Quanto alla gestione di Motta, siamo alle comiche: o l’offerta di Psg è congrua (e lo è, altrimenti al calciatore non sarebbe stato consentito di andare a Parigi a parlare con Leonardo), dunque si tratta solo di tirare sul prezzo e intanto assicurarsi un’alternativa; oppure, Motta è imprescindibile, e gli si allunga il contratto, salvo disperarsi al prossimo, immancabile infortunio.
Non dimentico le settimane passate (sprecate) a discutere del possibile “affitto” di Eto’o, e le interminabili schermaglie per assicurarsi in un imprecisato futuro Lucas Moura, Paulo Dybala e altri ragazzini esotici.
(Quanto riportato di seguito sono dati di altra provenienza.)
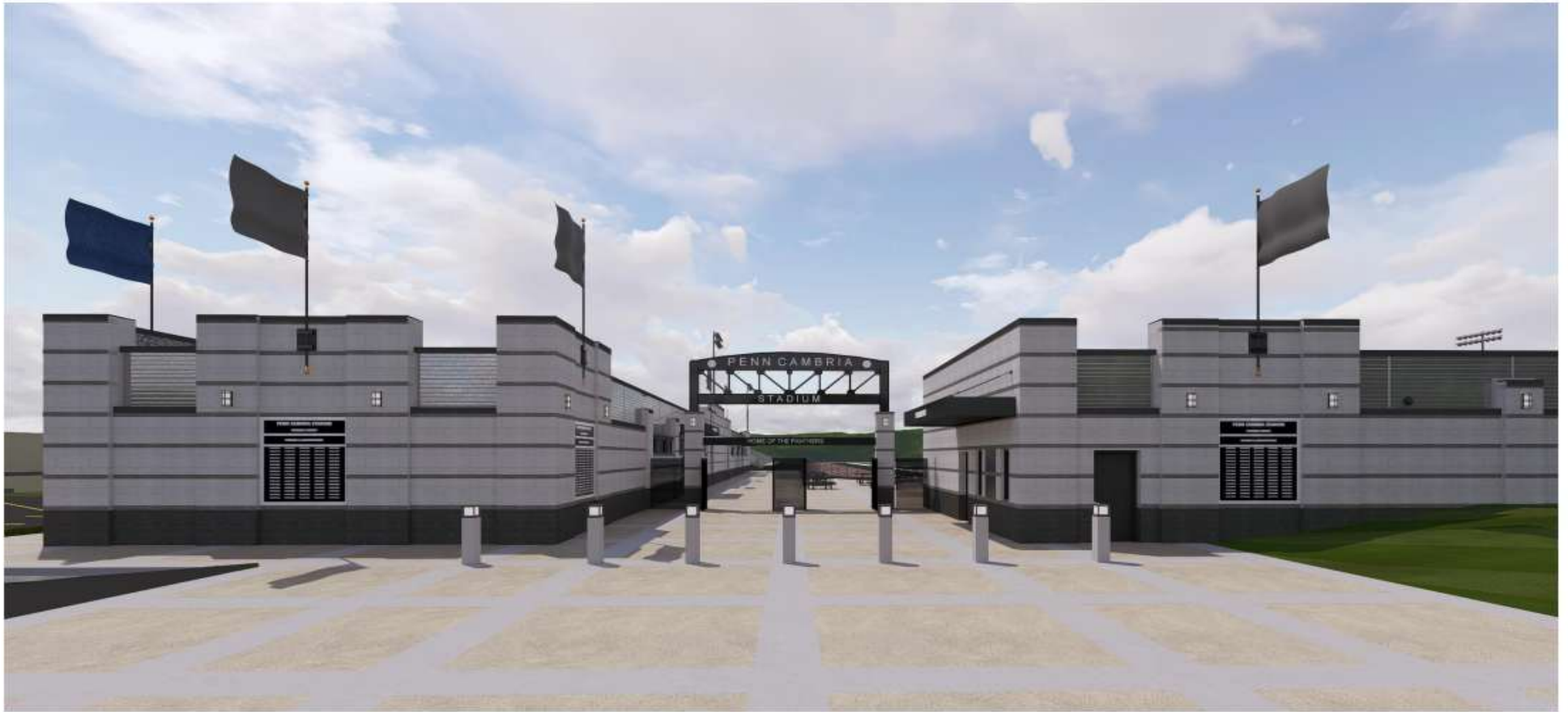
Entrance Gates and Ticket Booth view looking toward New Stadium

Chissà quanto motivati dal fatto che quelli che già ci sono – Coutinho e Castaignos – pare chiedano di andarsene, pur di giocare.
Solo l’azione di disturbo su Tévez va annoverata fra le manovre intelligenti: salvo scoprire che c’erano tanti soldi per prendersi uno sfizio come Tévez ma non ce n’è nemmeno un terzo per prendere i 3 calciatori che servono davvero.
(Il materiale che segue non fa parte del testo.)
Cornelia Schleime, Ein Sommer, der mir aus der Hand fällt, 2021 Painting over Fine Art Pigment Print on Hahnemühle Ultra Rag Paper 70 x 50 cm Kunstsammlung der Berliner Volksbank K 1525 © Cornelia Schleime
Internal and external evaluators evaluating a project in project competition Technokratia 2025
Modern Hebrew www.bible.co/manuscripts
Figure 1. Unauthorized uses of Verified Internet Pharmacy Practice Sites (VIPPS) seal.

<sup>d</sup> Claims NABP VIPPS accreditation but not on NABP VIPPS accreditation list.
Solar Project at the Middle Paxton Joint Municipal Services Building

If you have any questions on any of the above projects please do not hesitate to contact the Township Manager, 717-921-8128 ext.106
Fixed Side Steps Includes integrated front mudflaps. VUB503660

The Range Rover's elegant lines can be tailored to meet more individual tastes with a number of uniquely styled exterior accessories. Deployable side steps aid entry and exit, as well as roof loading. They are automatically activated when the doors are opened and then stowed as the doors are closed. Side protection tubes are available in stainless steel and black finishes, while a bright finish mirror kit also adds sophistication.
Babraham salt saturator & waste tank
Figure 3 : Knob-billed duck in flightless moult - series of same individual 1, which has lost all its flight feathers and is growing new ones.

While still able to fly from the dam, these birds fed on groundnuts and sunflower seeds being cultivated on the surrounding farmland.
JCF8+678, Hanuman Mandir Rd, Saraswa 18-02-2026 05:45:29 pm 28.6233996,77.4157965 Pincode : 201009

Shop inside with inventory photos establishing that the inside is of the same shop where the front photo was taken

Nel girone di ritorno i 5 o 6 punti di distacco sono destinati a diventare 15.
Un paio di meno se arriva Fredy Guarìn.

Società PALUDE
però intanto ho come la sensazione che domenica scenderanno a 5 i punti di svantaggio…
emim
d’accordissimo.
indipendentemente dai potenziali motivi (scarsa capacità?, mancanza di motivazione?, rispetto del fpf?) quest’Inter sta facendo di tutto per ritornare ad essere mediocre.
peccato solo che Ranieri stia rovinando i piani della dirigenza…
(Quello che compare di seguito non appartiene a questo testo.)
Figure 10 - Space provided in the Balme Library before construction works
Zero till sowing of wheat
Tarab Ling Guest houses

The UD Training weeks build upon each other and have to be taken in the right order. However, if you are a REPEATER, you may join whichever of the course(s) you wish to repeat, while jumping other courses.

in ogni caso, forza Inter sempre e comunque
Purtroppo sono d’accordo totalmente con te!
Siamo ritornati ad essere la barzelletta della serie A, non e’servito a nulla l’insegnamento di Jose’.
Ci facciamo prendere per i fondelli da tutti e, soprattutto, non vedo reazione.
Questa sessione di mercato e’ a dir poco sconcertante (lo scorso gennaio ci si era mossi meglio!), senza capo ne’ coda…
Nessuno mi crederà o sarà d’accordo ma penso proprio che il piano di Moratti sia quello di fare un passo indietro in Italia come prezzo da pagare per i fatti di luglio!
C’e’ una precisa volontà dopo il 22 maggio 2010…quasi ci si volesse “scusare” per aver vinto tanto!
Che amarezza, Rudi.
Spero vivamente che a giugno Branca se ne vada; perche’ c’e’ un’aria di impotenza in societa’ da mettere paura. Credo che queste indecisioni su Kucka, su Castaignos, su Juan siano chiaro segnale di incapacita’ manifesta. Anche se mi tocco, a questo punto voglio vedere Motta a Parigi. Perderemo punti strada facendo, ma forse inizieremo a vedere Poli e Crisetig in campo.
Anche perche’ con gli irriducibili Zanetti, Cambiasso e Motta, che senso avrebbe spendere 30 milioni per vedere un Lucas marcire in panchina?!
Amo questi colori, ma questa dirigenza e’ ora di prenderle a pedate.
D’accordo su tutto meno che su Guarin, son sempre più convinto che sia un sòla: penso che ci siano 10-15 centrocampisti che costano un terzo e valgono il doppio.